Digital Quantum Simulation for Spectroscopy of Schwinger Model

TL;DR

This paper introduces a digital quantum simulation method using coherent imaging spectroscopy to compute energy spectra of quantum field theories, demonstrated on the Schwinger model, highlighting potential efficiency on future quantum computers.

Contribution

It presents a novel quantum algorithm for spectroscopy of quantum field theories and applies it to the Schwinger model, including practical simulation techniques and complexity analysis.

Findings

Successful application of the algorithm to the Schwinger model on a classical simulator.

Analysis of quench types and their effects on simulation results.

Estimation of the method's efficiency for fault-tolerant quantum computers.

Abstract

This note discusses a method for computing the energy spectra of quantum field theory utilizing digital quantum simulation. A quantum algorithm, called coherent imaging spectroscopy, quenches the vacuum with a time-oscillating perturbation and then reads off the excited energy levels from the loss in the vacuum-to-vacuum probability following the quench. As a practical demonstration, we apply this algorithm to the (1+1)-dimensional quantum electrodynamics with a topological term known as the Schwinger model, where the conventional Monte Carlo approach is practically inaccessible.
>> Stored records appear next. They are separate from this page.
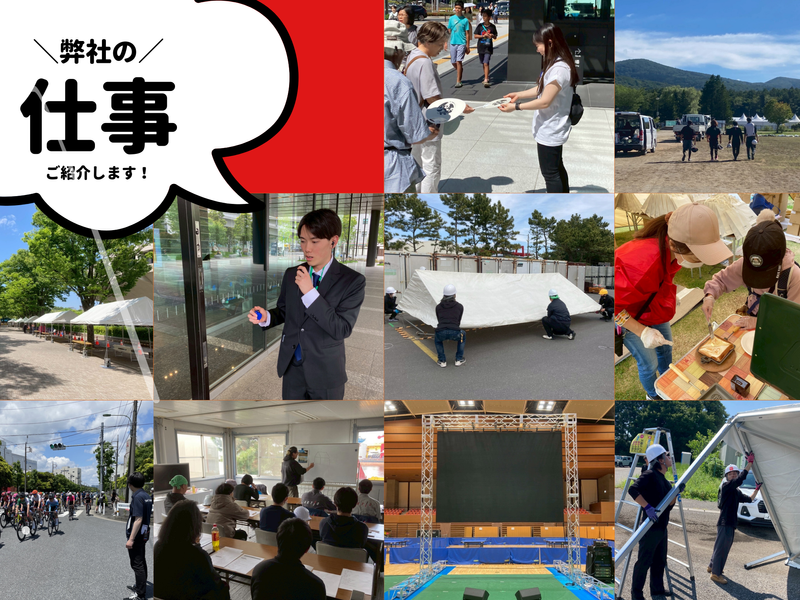 職種/仕事内容 | 仕事内容 ✅ 就活に役立つスキルが得られる! ✅ イベントの裏側が見られる! ✅ 査定システムあり、他充実手当多数 イベントを通じて、 自分を成長させてみませんか? この仕事で身につくのは、 いわゆるバイト慣れではありません。 「初対面の大人と一緒に仕事をする」 「時間と段取りを意識して動く」 「ミスが起きないよう先を読む」 こうした経験は、就活や社会人生活、 どんな仕事でも、あとから確実に 活きるスキルとなります。 ✦・┈┈┈┈┈┈┈┈┈┈┈┈┈┈ ・✦ ■具体的な仕事内容 ・イベントブースの組み立て作業 ・会場レイアウトの調整 (机やパネルの配置など) ・会場の装飾、備品の設置や片付けなど ▼ 勤務地・案件例 ▼ ・東京ビッグサイト ・幕張メッセ ・東京国際フォーラム ・Kアリーナ ・パシフィコ横浜 ・新宿NSビル など 展示会・国家試験会場・大学入試関連業務・ ライブ・スポーツイベント案件も多数! ✦・┈┈┈┈┈┈┈┈┈┈┈┈┈┈ ・✦ ⭐実際に働いている人の声 ≪⼤学4年⽣ Oさん≫ 友達から誘われたのが最初のきっかけ でした︕イベント⾃体も好きだったし、 裏⽅の仕事にも興味があったので…。 同年代のスタッフも多く、 仲間が増えました。オフにみんなで スノボに行ったりもします。 みんな本気で取り組んでいるから、 仕事もプライベートも気が合う仲間ができます! ≪大学生Kさん≫ 色々な現場をこなしていくうちに、 リーダーを任されるようになりました。 リーダーをやると、大人の言っていた事が わかってきた気がします。 達成感も増えます。 そうなってから、毎回仕事が楽しいです! ≪正社員Mさん≫ 月1バイトから始まり、イベント運営に ハマって社員になりました。 施工や運営、いろいろな内容で イベントに携われ、とても楽しいです。 ✦・┈┈┈┈┈┈┈┈┈┈┈┈┈┈ ・✦ |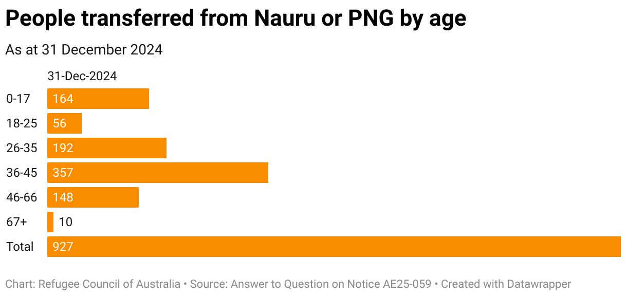 People transferred from Nauru or PNG by age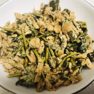把鸡蛋液倒入香椿里,搅拌均匀。

In particular, on a classical simulator, we prepare the vacuum of the Schwinger model on a lattice by adiabatic state preparation and then apply various types of quenches to the approximate vacuum through Suzuki-Trotter time evolution. We discuss the dependence of the simulation results on the specific types of quenches and introduce various consistency checks, including the exact diagonalization and the continuum limit extrapolation. The estimation of the computational complexity required to obtain physically reasonable results implies that the method is likely efficient in the coming era of early fault-tolerant quantum computers.